A new inspector general’s report says oversight by the Federal Aviation Administration of regional airlines is not keeping pace with industry changes.
The U.S. Department of Transportation’s Office of Inspector General said the FAA “may be missing key changes in the industry, such as periods of growth or financial distress at regional air carriers that could have important safety implications.”
Regional carriers that fly under names including Delta Connection operate more than 40 percent of commercial flights in the United States, according to the report. Delta Air Lines contracts with smaller regional airlines to operate some of its shorter flights under the Delta Connection name, similar to what United does as United Express and American does as American Eagle.
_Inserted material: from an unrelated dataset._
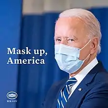 President Donald Trump largely resisted wearing masks in public media appearances,[4][5][6] and did not mandate their use at his campaign events during the 2020 presidential election.[7][8] After briefly encouraging their use in mid-July,[9][10] Trump continued to hold campaign events (such as the 2020 Republican National Convention) where masks were not widely used,[11][12][13] and publicly mocked Joe Biden for wearing face masks in public appearances.[14][15][11] After Biden was sworn in as president in January 2021, his first executive orders included mandating the wearing of masks on public transport systems and more vigorous enforcement of COVID-19-related health and safety protocols, including masks on federal properties.

But the inspector general’s report issued this week said FAA inspectors didn’t recognize indicators of financial distress at Republic Airways Holdings before the carrier filed for bankruptcy last year, and didn’t mark the company’s financial condition as a risk indicator. An FAA office was “caught off guard” by the bankruptcy.
The regional carrier industry is in flux as some of the regional carriers shrink, merge and win or lose contracts with major airlines. In Delta’s case, its longtime partner ExpressJet, formerly known as Atlantic Southeast Airlines, will end its run as a Delta Connection carrier after late 2018. Another Delta partner, Endeavor Air, will expand to routes previously operated by ExpressJet. It’s one of a number of changes Delta has made to its regional partner lineup over the years.
The inspector general’s report says “FAA’s process for identifying periods of transition and growth at regional carriers is ineffective in some areas.”
In response, the FAA said it “is committed to enhancing its oversight” of airlines and agrees with the inspector general’s recommendations and plans to implement them in 2018.